Well, I feel like an INFJ that has been tackled in an ENFP thread, just by reading it! Wowser! Amazing! Enjoy! :crazy:


----------



## starstruck (Nov 29, 2010)

care to join in for the cyber food and dance?
thank you for the welcome


----------



## Angelic Gardevoir (Oct 7, 2010)

3pnt1415926535897932384 said:


> Go Majikarp! Use Hyper beam!


Numerical Panda Guy: WTF do you mean that you don't have Hyper Beam?! ...Just hit her with a splash attack!



Humaning said:


> Maybe I should just catch you. You seem like a electricity/water type; a rare find. You will prove useful against those ENTJs...


That would make starstruck either a Chinchou or a Lanturn. *gets whacked for being a Pokegeek*

Anyway...

Wild ENFP appears!

What will Angelic Gardevoir do?

Angelic Gardevoir used post and greet!

It's super effective!

*starstruck faints from shock*

Gained 1 exp. point! (AKA a post) :crazy:


----------



## starstruck (Nov 29, 2010)

Wild ENFP recovers and expresses her thanks!

it's super effective!

thank you for the welcome


----------



## Promethea (Aug 24, 2009)

Welcome! xD


----------



## starstruck (Nov 29, 2010)

thanks!


----------



## petals of stone (Jun 28, 2010)

Wild ENFP? Takes out my pokedex, points it at you and listens:

Pokedex: 
_ENFP. An advocate type personality. Has the primary function of Ne. It is characterised by its outgoing and empathetic ways. Known to be wild and crazy. Many believe its random unpredictability is one its greatest strengths as well as weakness. _
Interesting, maybe its time for me to use my Ultimate Weapon- THE Master Ball. Go!

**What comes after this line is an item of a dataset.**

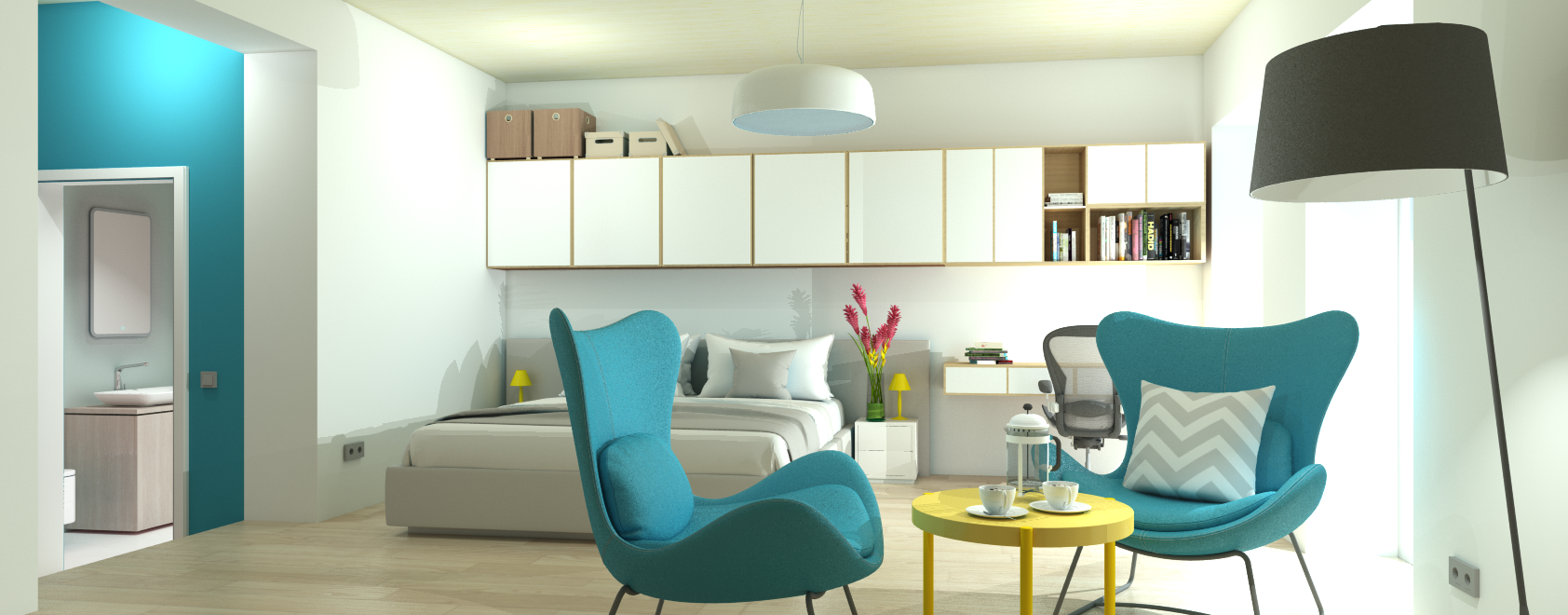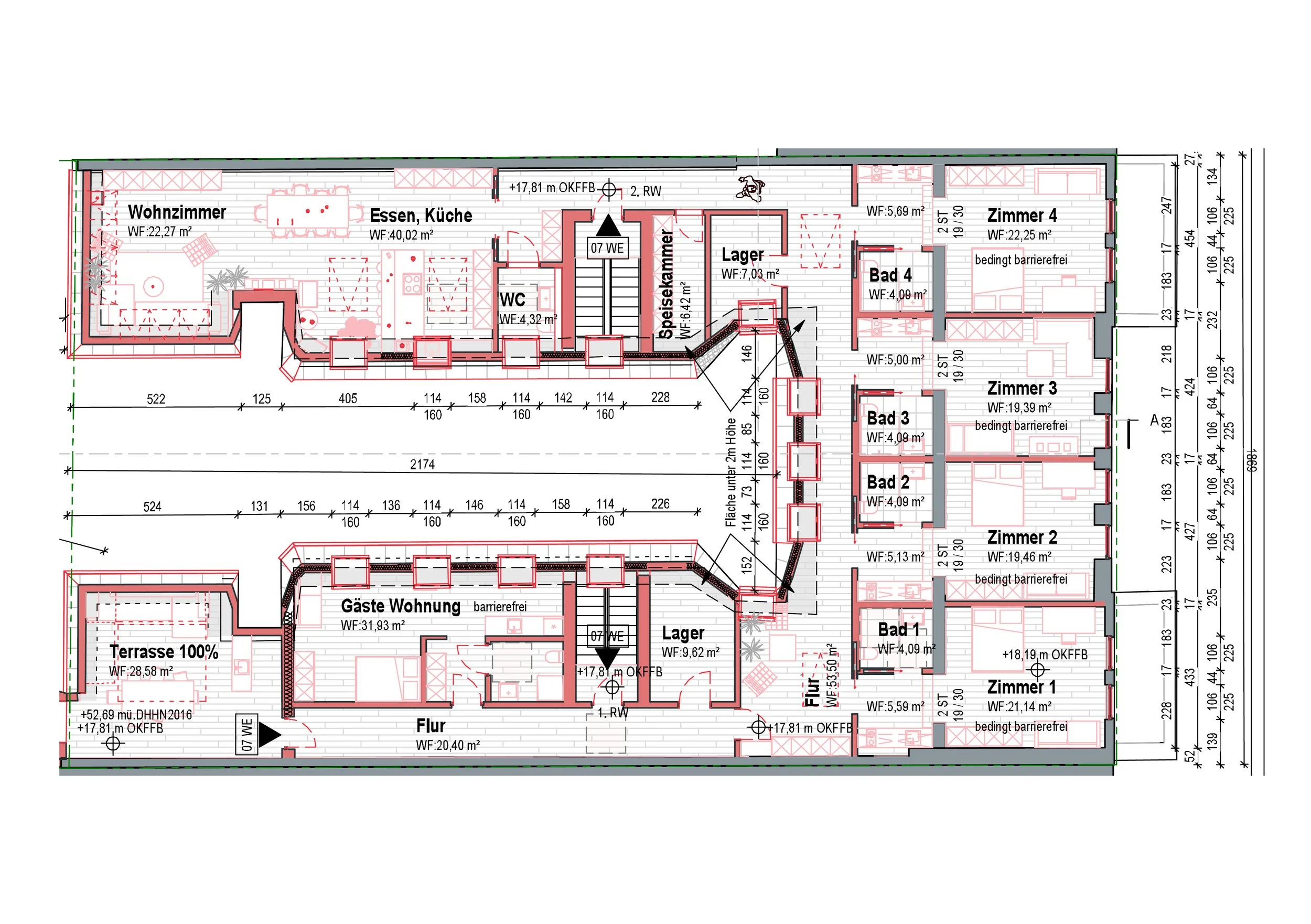 Die aktuelle Planung sieht vier beinahe identische Schlafzimmer vor mit jeweils einem privaten Badezimmer. Ein fünftes Zimmer könnte entweder ein Gästezimmer werden oder eine weitere Partei aufnehmen. Zusätzlich teilen sich alle Bewohner eine über 60m² Wohnküche mit Speisekammer und Lagerräumen sowie eine Terrasse.

And, Hello and Welcome. :happy:


----------



## PinkBubbles (Dec 3, 2010)

Welcome :happy:


----------



## starstruck (Nov 29, 2010)

petals of stone said:


> Wild ENFP? Takes out my pokedex, points it at you and listens:
> 
> Pokedex:
> _ENFP. An advocate type personality. Has the primary function of Ne. It is characterised by its outgoing and empathetic ways. Known to be wild and crazy. Many believe its random unpredictability is one its greatest strengths as well as weakness. _
> ...


i actually heard the music and robotic voice that would play as I read that! xDD
Thank you so much! *wild ENFP dances*



PinkBubbles said:


> Welcome :happy:


Thank you!


----------



## elroset (Dec 5, 2010)

i am also new! and digging your Pokemon reference. so hi.


----------



## starstruck (Nov 29, 2010)

hey there fellow newbie! *high fives* welcome!


----------